EVENTS
COALITION BY-ELECTION LOSS IN JAPAN Japan's Prime Minister Tomiichi Murayama failed a test of strength yesterday as an alliance of opposition parties triumphed over his ruling coalition in a closely watched by-election for a parliamentary seat. Coalition candidate Jiro Mizuno insisted that the result is ``my personal responsibility.'' For the opposition, former Prime Minister Tsutomu Hata said voters had judged the alliance between Mr. Murayama's left-leaning Socialists and the conservative Liberal Democrats as ``an act of betrayal'' and wanted a progressive new party. The Liberal Democrats had governed Japan alone from 1955 until last year. The vote was for an upper house seat for central Aichi prefecture.
Dole to help North
US Senate Minority Leader Robert Dole, who once appeared hesitant to endorse Republican Senate candidate Oliver North, has agreed to join him on the campaign trail in Virginia.
Mr.

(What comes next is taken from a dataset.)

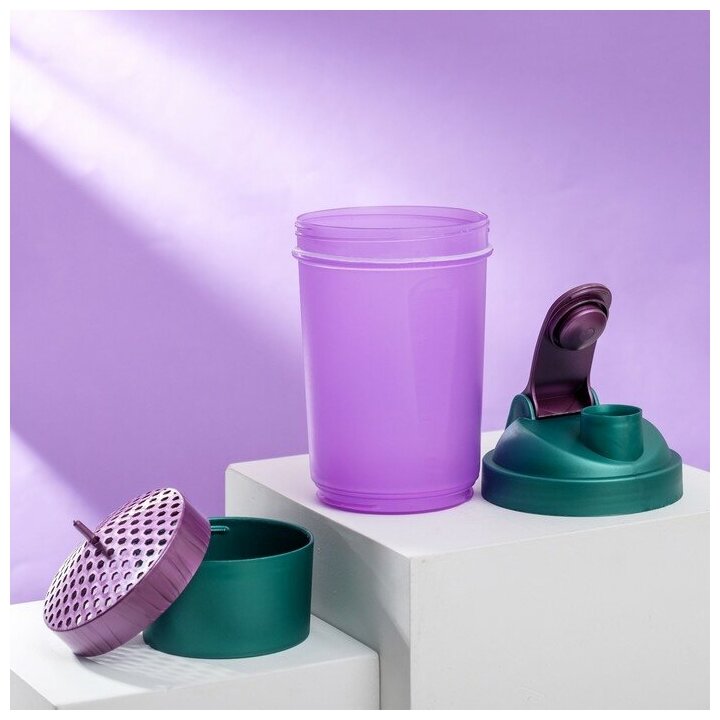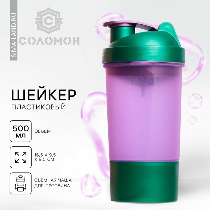 Соломон Шейкер спортивный с чашей под протеин, фиолетово-зелёный, 500 мл интересное:

Dole said he will appear with North in Alexandria, Norfolk, Salem, and Richmond as part of a tour on behalf of Southern GOP candidates. North is running for the seat held by Democratic Sen. Charles Robb. Former Gov. L. Douglas Wilder and former state Attorney General J. Marshall Coleman are running as independents.
Shuttle shoots laser
Bright green laser pulses streamed from space shuttle Discovery on Saturday and bounced off thick, high clouds over Caribbean tropical storm Debby in the first atmospheric study of its kind.
Ground controllers directed the lasers at the storm as the shuttle soared overhead. The experiment took place several hours after the shuttle successfully blasted off for a nine-day flight.
Greece, Albania at odds
Albania accused Greece of exacerbating tensions between the Balkan rivals Saturday by closing a Greek consulate and virtually sealing the border. The Albanian Foreign Ministry issued a statement saying that Greece had closed its consulate in Gjirokastra, a town in southern Albania where an ethnic Greek minority is concentrated. Relations between the two countries deteriorated sharply when a Tirana court on Wednesday convicted five ethnic Greeks of spying for Greece and sentenced them to prison.
Pope in Zagreb
Pope John Paul II in Zagreb, Croatia, urged his Catholic Croatian hosts to seek peace with their Serb neighbors yesterday. However, on Saturday he called Sarajevo, surrounded by Bosnian Serb forces, ``a martyred town'' and specifically mentioned Croat towns taken by Serbs. Croats chafe at the loss of one-third of their land in the civil war against the Serbs three years ago, and many vow to get it back.